The UMIC report about the demonstrator onboard the MS Wissenschaft (English).
The press release about the demonstrator (German).
Article (in German) about TWEND on board the MS Wissenschaft.
The Spanish online branch of the "Deutsche Welle" also recently wrote an article about TWEND.
Video of TWEND in use.
What is TWEND?
TWEND is a prototype for direct-manipulation by deformation in mobile devices.Bendable cellphones and PDAs will not be something special in the future. Because of this, the mobile technology excellence cluster UMIC at the RWTH Aachen University developed TWEND as a means of researching the usability of such devices. Flipping pages in the eBook reader of the future, for example, then will work just the same as flipping pages in a traditional book.
The system consists of a hardware protoype that enables users to perform bending gestures and a Mac OS X software framework that maps these gestures to system events. These events can be configured to mimick scrolling, keystrokes or Apple Script events. This enables a quick way to set up experiments to research the value of different bending gestures as input method for interactive tasks involving a computer system.
Since the software framework is extensible, even setups that cannot be done with only the standard keystrokes, scrolling or Apple Script can be established.
The people behind TWEND
TWEND is a research project by Gero Herkenrath, Thorsten Karrer, Jan Borchers, and others at the Media Computing Group. The project is funded through UMIC DFG Excellence Initiative.CHI 2008 Student Research Competiton Runner-Up
This work was sent to the CHI 2008 Student Research Competition and won the second place. The paper is available here.
Motivation
Although the prototype framework still requires a desktop computer or at least a notebook, the goal of the project is to find new interaction methods for mobile devices. Traditional input methods suffer from certain problems in this context. First, there is a real estate problem between space used for input and space used for output. Screen sizes and number of input buttons are limited to keep the device small. Touchscreens counter this, but can lead to occlusion problems. Tilting introduces a new interaction style by facilitating not just the fingers, but sometimes it can be hard to correctly interpret the users intention with this (just try to read something on the iPhone while lying in your bed...).A bendable device also makes use of the users wrists, i.e. just like tilting it makes use of an additional part of the dextrous system. Because the hands are already "in position" holding the device, no further space for input areas is needed.
Building the Prototype
Before the actual TWEND prototype was build, we constructed a smaller one to figure out whether our choice of sensors was feasible for our needs.We used optical bending sensors to measure the amount of bending done to the device.

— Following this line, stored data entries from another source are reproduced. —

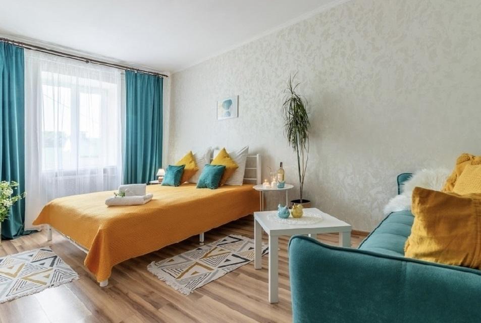 Уютная однокомнатная квартира. В распоряжении гостей двуспальная кровать, раскладной диван, оборудованная кухня и ванная комната.
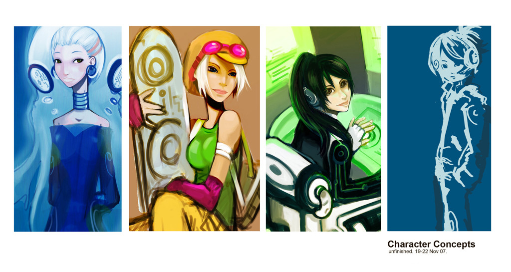 Here are the designs for a few of the main characters in Channel^Square...I totally forgot I had these to upload, they're just been sitting around
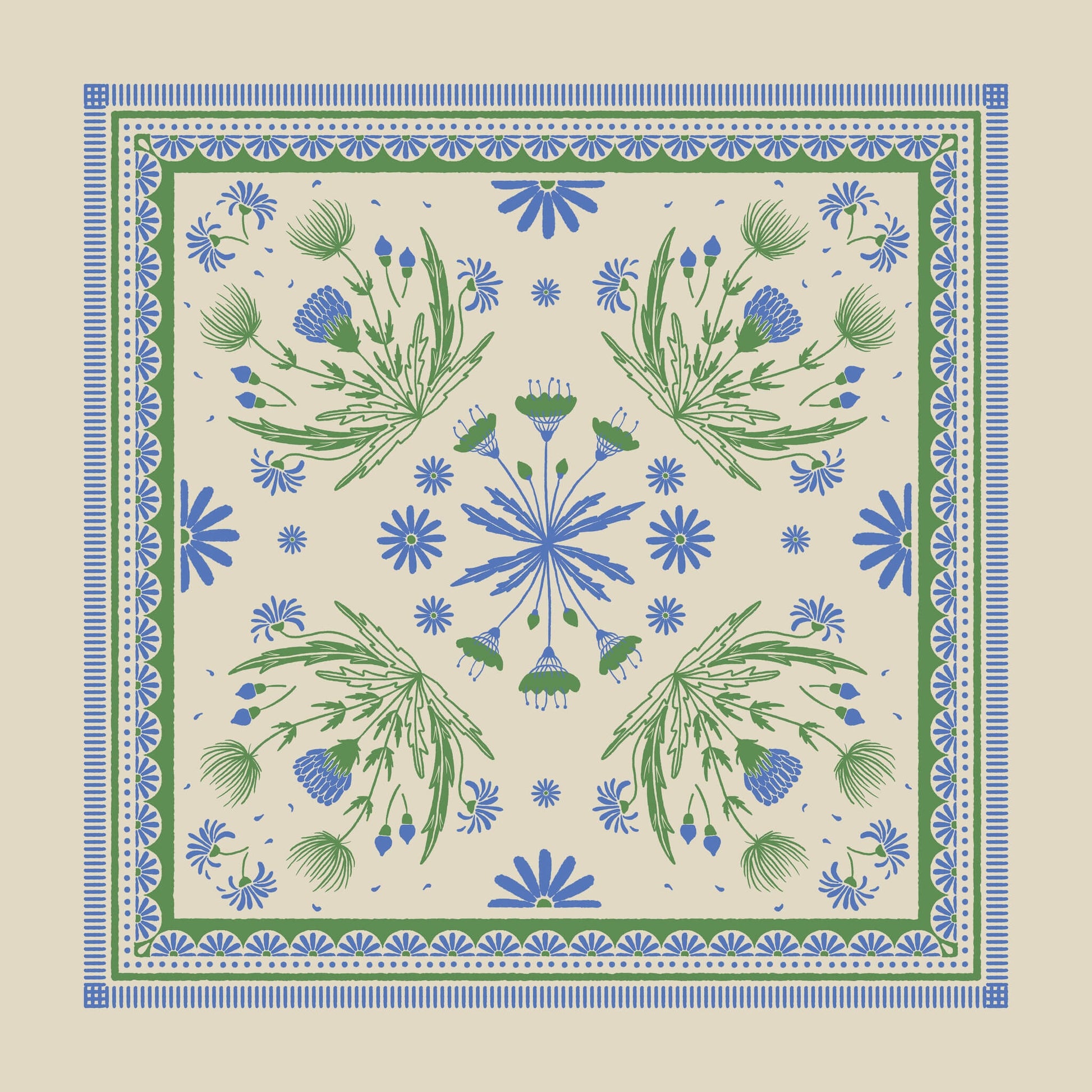 Rooted in tradition and wild beauty, the Folk Garden Bandana brings together the harmony of nature and timeless folk art. With hand-drawn blooms, swirling seed pods, and mirrored symmetry, it feels like a pressed flower journal page made to wear.
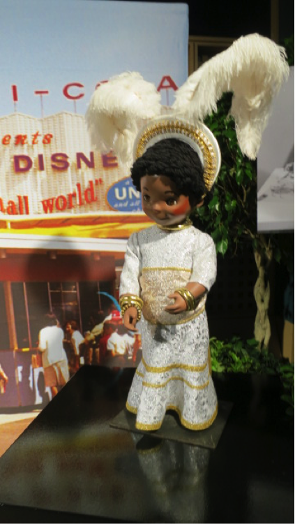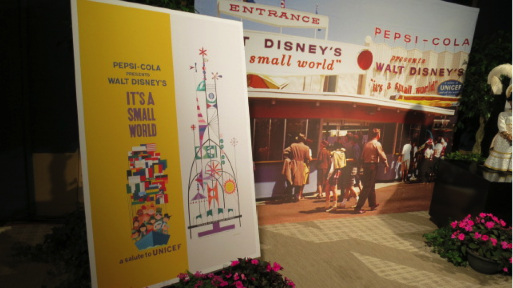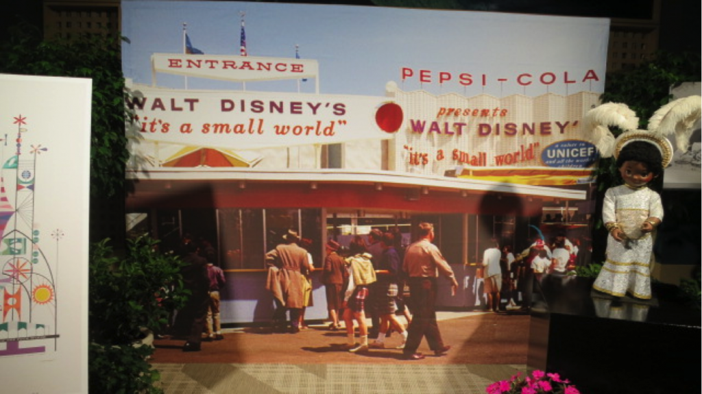 Below, a stand alone exhibit of the it’s a small world attraction had a large picture of the entrance, a costumed child and poster art.
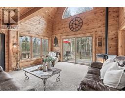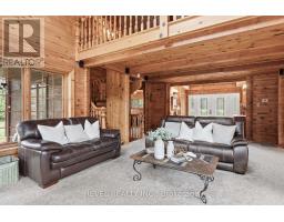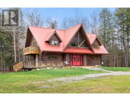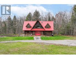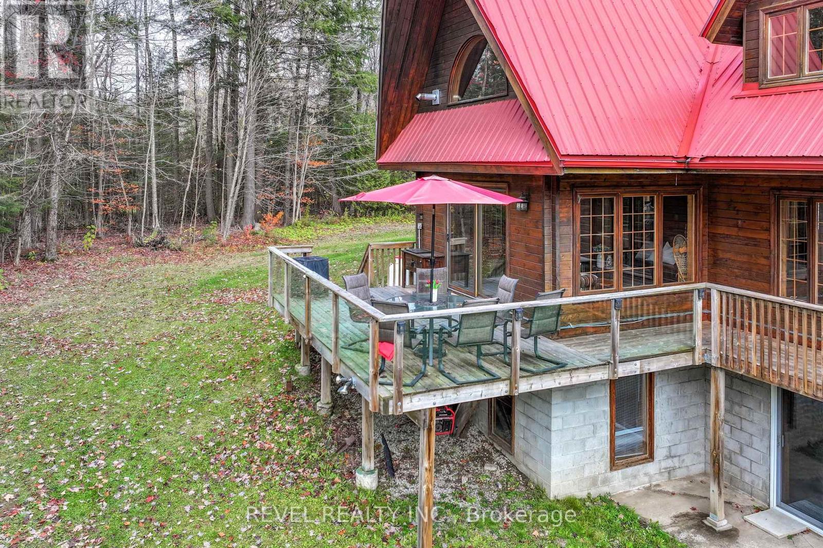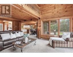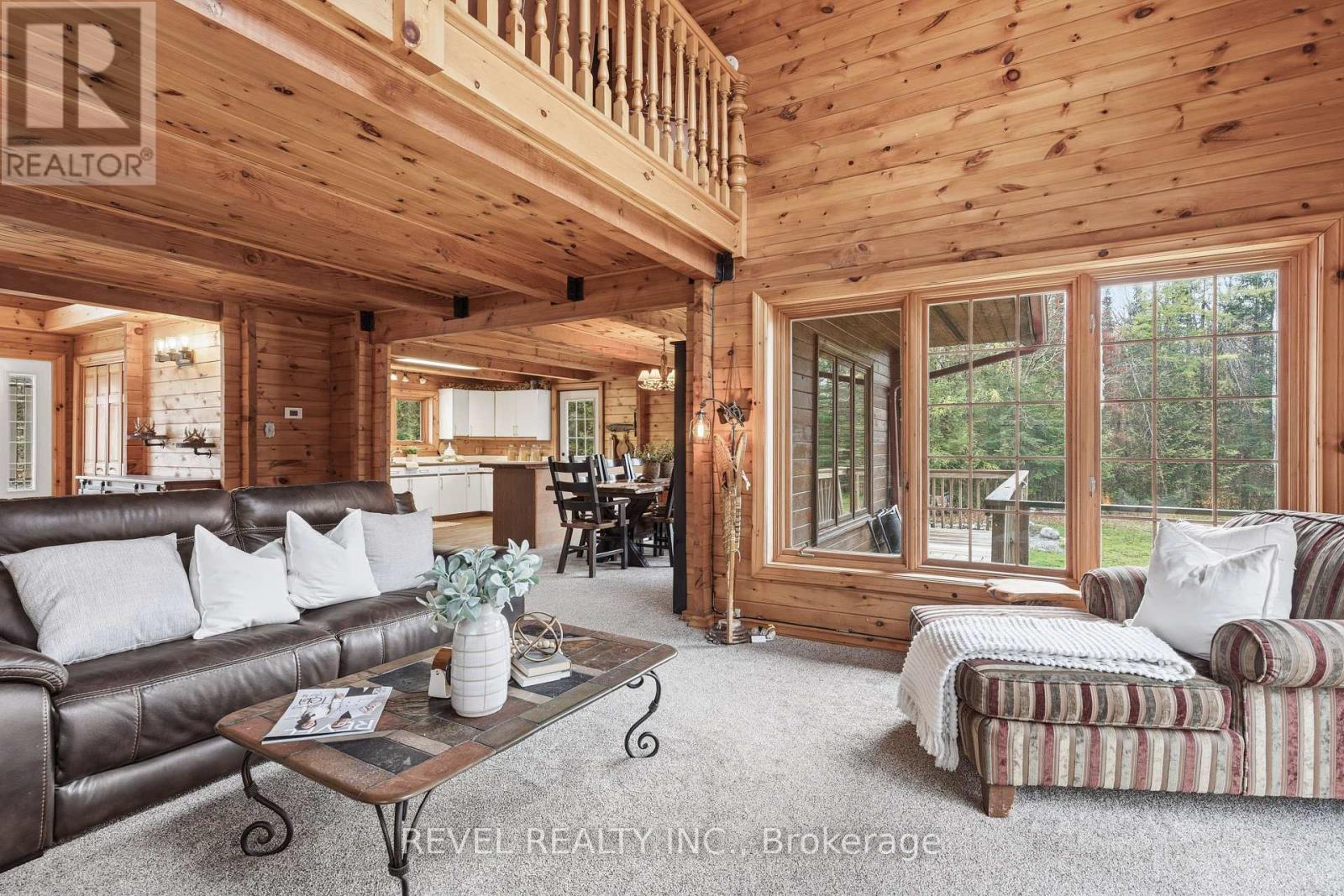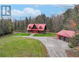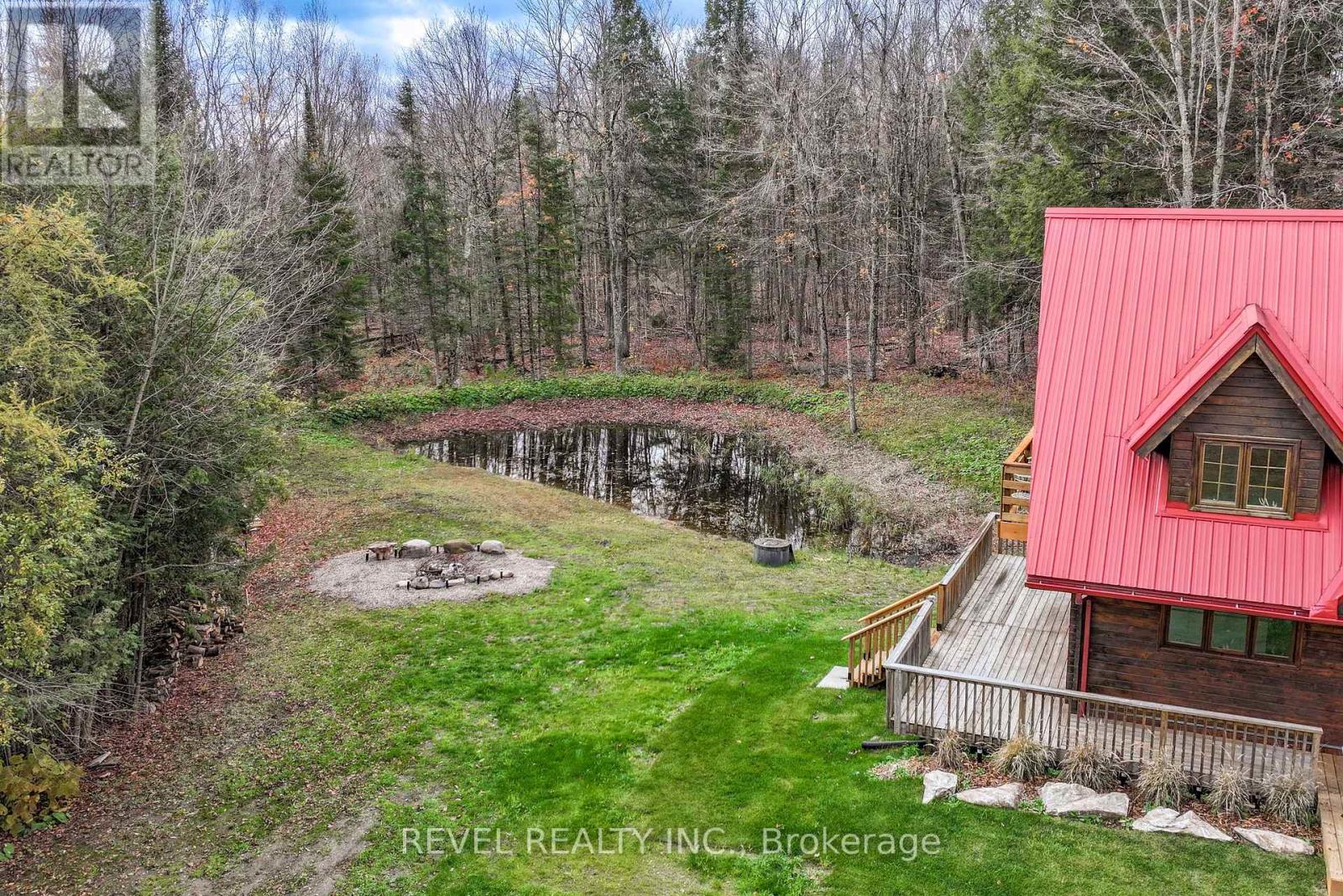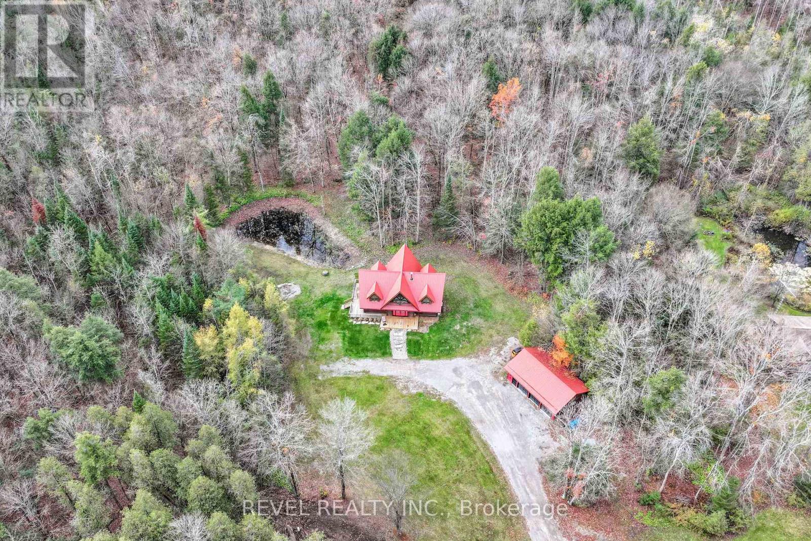 4+1 bedroom 3 bathroom log home with metal roof, offers the perfect balance of rustic charm and modern comfort. Walk in and be mesmerized by the grand foyer & living area, cathedral wood ceilings, cozy fireplace and abundant natural light from picturesque windows creating a warm and inviting atmosphere.The kitchen/dining combo is a cooking paradise, featuring newer appliances, propane stove, OTR microwave, pantry and ideal for both daily living and entertaining. Gorgeous spiral natural wood staircase leading you to the upper level of the home with additional bedrooms, full bathroom and sitting area loft. Primary Suite with walk out Juliet Deck. Lower level with full recreational room, laundry area, sauna, work out area, bathroom and walk out to yard. Step outside to the expansive wraparound deck with breathtaking views of the pond and surrounding 1.89 acres of forest. Bonus three car detached garage with hydro. (id:61423)

These are embedded in a layer of foam between two pieces of plastic.
The Sensors
The sensors consist of an LED, a photocell and a fibre cable with an abraded section.
If bent, more or less light is lost at the abraded part of the cable which can be measured at the photocell.
The LEDs and the photocell are connected to seperate circuits to prevent cross influence.
More information on the sensors can be found in this paper: http://stacks.iop.org/MST/13/1523 (Note to readers from outside the RWTH network: This links to an online library you may not have full access to)
The Small Test Prototype
This prototype contains only one sensor and can thus only measure bending along one dimension.Unlike the lower, the upper plastic plate is not glues to the layer of foam so bending and maintenance is easier.
The Final Prototype
These images show the larger, final prototype. It's 15 x 25 cm large and about 1 cm thick.On the left you can see the insides, i.e. the sensors embedded in the foam and their wiring. There are eight sensors in total.
The right picture shows one of the possible gestures the prototype can recognize. This specific one we call a "wave". Note that it can only be recognized because the horizontal sensors in the prototype are actually devided in pairs of two instead of one long sensors at the upper and lower side of the device.